Accuracy of Serologic Tests and HLA-DQ Typing for Diagnosing Celiac Disease   |  See  Editorial
Annals of Int Med 4 September 2007 | Volume 147 Issue 5 | Pages 294-302

Results: Sixteen of 463 participants had celiac disease (prevalence, 3.46% [95% CI, 1.99% to 5.55%]). A positive result on both TGA and EMA testing had a sensitivity of 81% (CI, 54% to 95.9%), specificity of 99.3% (CI, 98.0% to 99.9%), and negative predictive value of 99.3% (CI, 98.0% to 99.9%).
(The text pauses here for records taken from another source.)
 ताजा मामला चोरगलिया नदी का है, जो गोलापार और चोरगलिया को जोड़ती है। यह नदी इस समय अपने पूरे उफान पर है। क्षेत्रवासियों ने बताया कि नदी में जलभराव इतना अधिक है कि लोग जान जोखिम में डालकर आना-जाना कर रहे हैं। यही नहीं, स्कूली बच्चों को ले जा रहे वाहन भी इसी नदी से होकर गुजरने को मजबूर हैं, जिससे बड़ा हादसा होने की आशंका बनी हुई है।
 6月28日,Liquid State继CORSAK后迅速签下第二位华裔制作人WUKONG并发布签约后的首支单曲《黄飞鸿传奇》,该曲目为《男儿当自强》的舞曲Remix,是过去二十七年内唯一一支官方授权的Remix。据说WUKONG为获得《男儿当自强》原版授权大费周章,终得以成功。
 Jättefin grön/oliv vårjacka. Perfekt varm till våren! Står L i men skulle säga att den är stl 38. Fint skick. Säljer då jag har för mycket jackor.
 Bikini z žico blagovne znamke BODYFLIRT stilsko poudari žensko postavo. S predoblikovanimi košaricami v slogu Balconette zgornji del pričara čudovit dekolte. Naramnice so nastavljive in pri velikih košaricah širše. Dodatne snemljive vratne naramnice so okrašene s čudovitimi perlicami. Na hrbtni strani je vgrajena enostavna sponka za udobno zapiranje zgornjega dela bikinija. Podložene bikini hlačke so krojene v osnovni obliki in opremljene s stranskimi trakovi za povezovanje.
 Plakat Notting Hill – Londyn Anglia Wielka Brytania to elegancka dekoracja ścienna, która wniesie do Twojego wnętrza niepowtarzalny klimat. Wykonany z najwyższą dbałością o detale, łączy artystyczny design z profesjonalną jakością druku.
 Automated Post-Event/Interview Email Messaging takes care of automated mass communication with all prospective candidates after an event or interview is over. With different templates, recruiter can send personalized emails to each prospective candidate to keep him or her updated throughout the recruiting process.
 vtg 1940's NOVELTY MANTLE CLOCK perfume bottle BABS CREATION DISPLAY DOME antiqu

Testing positive for either HLA-DQ type maximized sensitivity (100% [CI, 79% to 100%]) and negative predictive value (100% [CI, 98.6% to 100%]), whereas testing negative for both minimized the negative likelihood ratio (0.00 [CI, 0.00 to 0.40]) and posttest probability (0% [CI, 0% to 1.4%]). The addition of HLA-DQ typing to TGA and EMA testing, and the addition of serologic testing to HLA-DQ typing, did not change test performance compared with either testing strategy alone.

Conclusions: In a patient population referred for symptoms and signs of celiac disease with a prevalence of celiac disease of 3.46%, antitransglutaminase antibodies [TGA] and antiendomysium antibodies [EMA] testing were the most sensitive serum antibody tests and a negative HLA-DQ type excluded the diagnosis. However, the addition of HLA-DQ typing to TGA and EMA testing, and the addition of serologic testing to HLA-DQ typing, provided the same measures of test performance as either testing strategy alone.